Black Rain (1989)
10/10
"Kuroi ame" (Japan) versus "Black Rain" (USA) is an absurd confrontation
4 September 2012
Warning: Spoilers
To start with, both movies of 1989 - "Kuroi ame" (Japan) and "Black Rain" (USA) - are quite familiar to me and they both are quite impressive: the former - as a historical drama and the latter - as a dramatic crime/action. It was the American feature that made me stumble upon "Kuroi ame" (it really had looked strange to me that the movies with the same title had been of the same year as well). To compare the two is futile. They do not handle the same material (though, the Ridley Scott feature touches upon the black rain topic appropriately to say the least) and belong to different genre sections. Watch "Black Rain" after "Kuroi ame" and you will have an impression that the doppelgangers of those young Japanese bikers, who appear at the very end of "Kuroi ame", have a story of their own in "Black Rain".

My review concerns the Japanese movie (no surprise) that consists of two parts (surprise?): the original black and white feature plus the colour "alternate" ending, which is actually the real ending of the movie with the events that never collide with the first part, but add new details to the tragic story. Don't be afraid to watch the colour excerpt. It will not spoil the atmosphere of the movie: it will expand your impression.

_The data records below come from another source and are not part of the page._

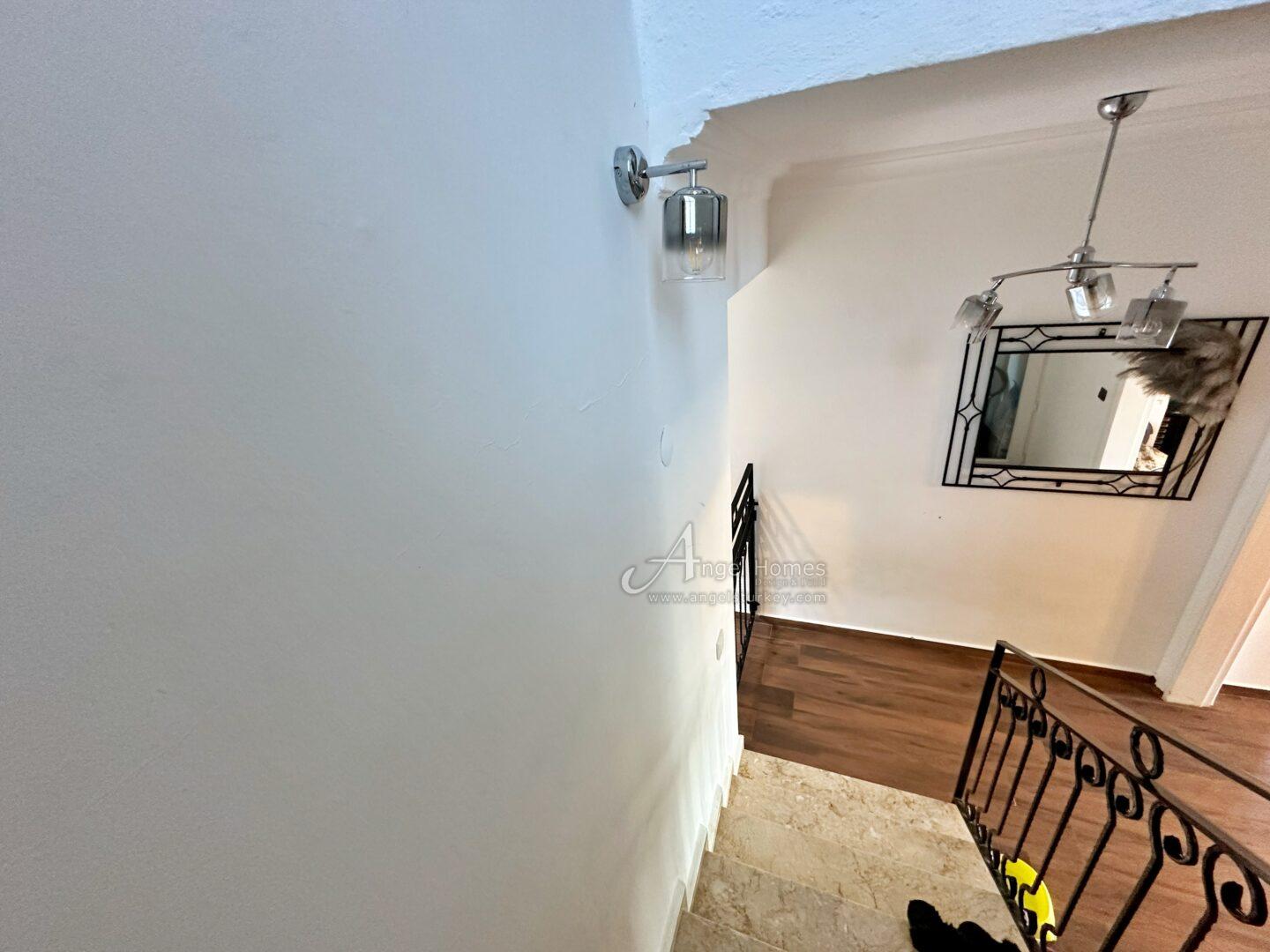 The upper floor accommodates three comfortable bedrooms, all furnished. Two of the bedrooms feature private balconies, offering pleasant views of the garden and surrounding mountains and forest. There is also a modern, renovated bathroom on this level.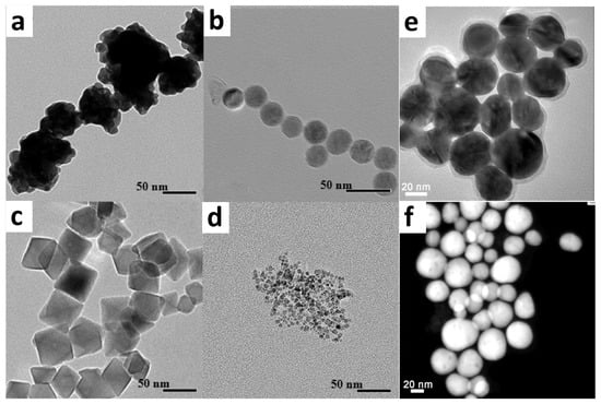 Various magnetic nanoparticles coated with gold shells: (a–d) TEM images of Fe3O4-core/Au-shell magnetic nanoparticles synthesized according to different experimental procedures: (a) [57], (b) [58], (c) [57,58], (d) [59]; see more details in [54]. (e,f) TEM and STEM (scanning transmission electron microscopy) images, respectively, of the γ-Fe2O3-core/Au-shell magnetic nanoparticles [60] (parts of this figure were adapted from [54] with permission).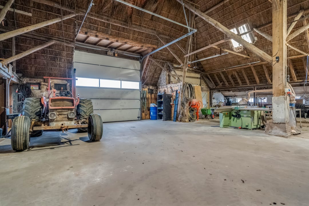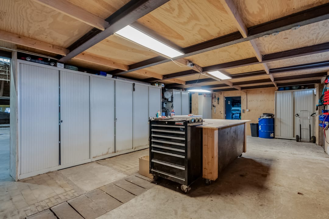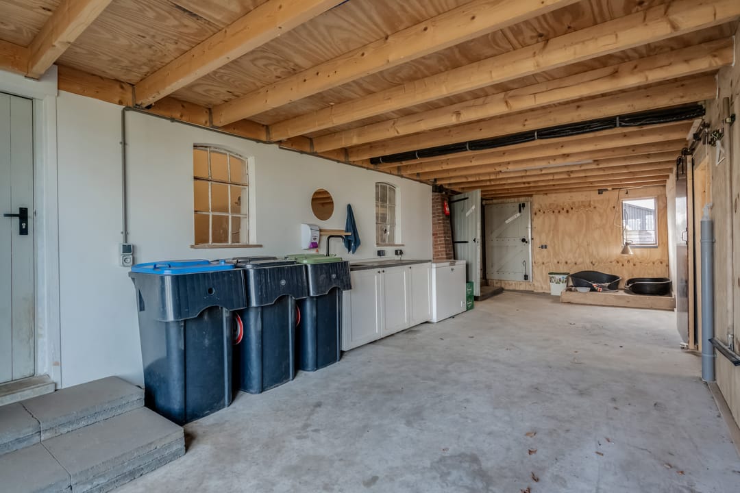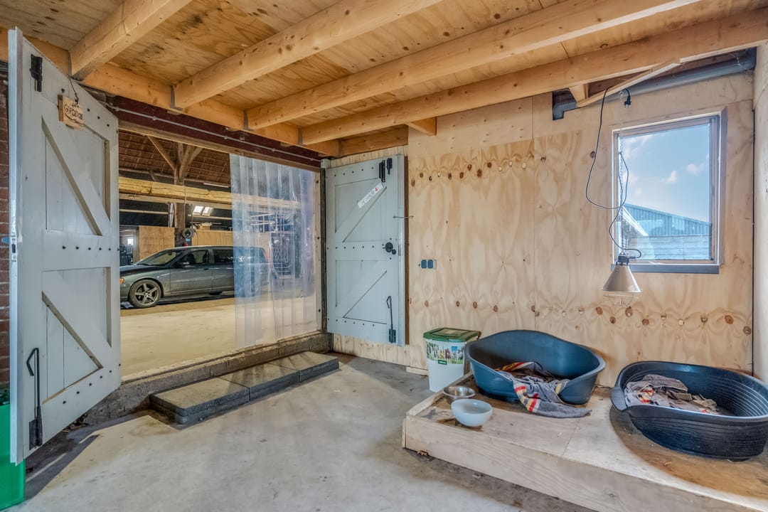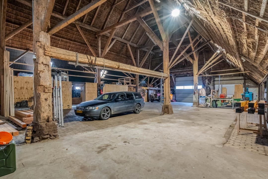 Het achterste gedeelte van de boerderij is ingericht als grote open ruimte met aan de achterzijde een op afstand bedienbare overheaddeur, deze ruimte is zeer geschikt voor bijvoorbeeld het stallen van caravans. Daarnaast zijn er separate opslagruimtes en een kippenverblijf met buitenruimte aanwezig.

No use re-telling the story itself, so just a few words about some striking features of "Kuroi ame" that impressed me the most.

The dwellers of Hiroshima right after the bombing are quite disturbingly depicted – the director does in cinema what previously was brilliantly done in anime ("Hadashi no gen" – remember?).

The young girl experiences radiation sickness with uncommon patience and courage (no fits of suicidal behaviour), losing her beauty and strength every single day.

Stone figures of those who perished after the bomb had fallen look like the frozen corpses of those who caught the atomic flesh-melting flash.

The unstable young Japanese man fights any vehicle as soon as he hears the engine running but can fight his illness when he is helping his beloved.

The final frames, showing the modern Japan, westernized to a high degree, selling out pieces of Hiroshima to the tourists, and quite possibly not knowing definitely who dropped the bomb and why (and perhaps not caring much), are really an embodiment of the words "unjust peace", which you hear at the very end of the film.

Suppose, the director had a headache: either he should include the colour part into the original black and white feature or not (Mr Takashi Miike told us in the interview that the events of the colour part were not in the novel itself). Well, my point is that he should have. It draws a good bold line under the title and keeps the message of the film running. The viewers do not have philosophical exchanges whether the girl survives or not any more (you could only predict, if you had not seen the colour part), but can dwell upon more profound topics instead (like the one raised by the dying man in the film). And the bloody teeth would have never impressed the audience like this, if it were not in colour.

No drum roll, just a 10 out of 10 for a very good reason. Thank you for attention.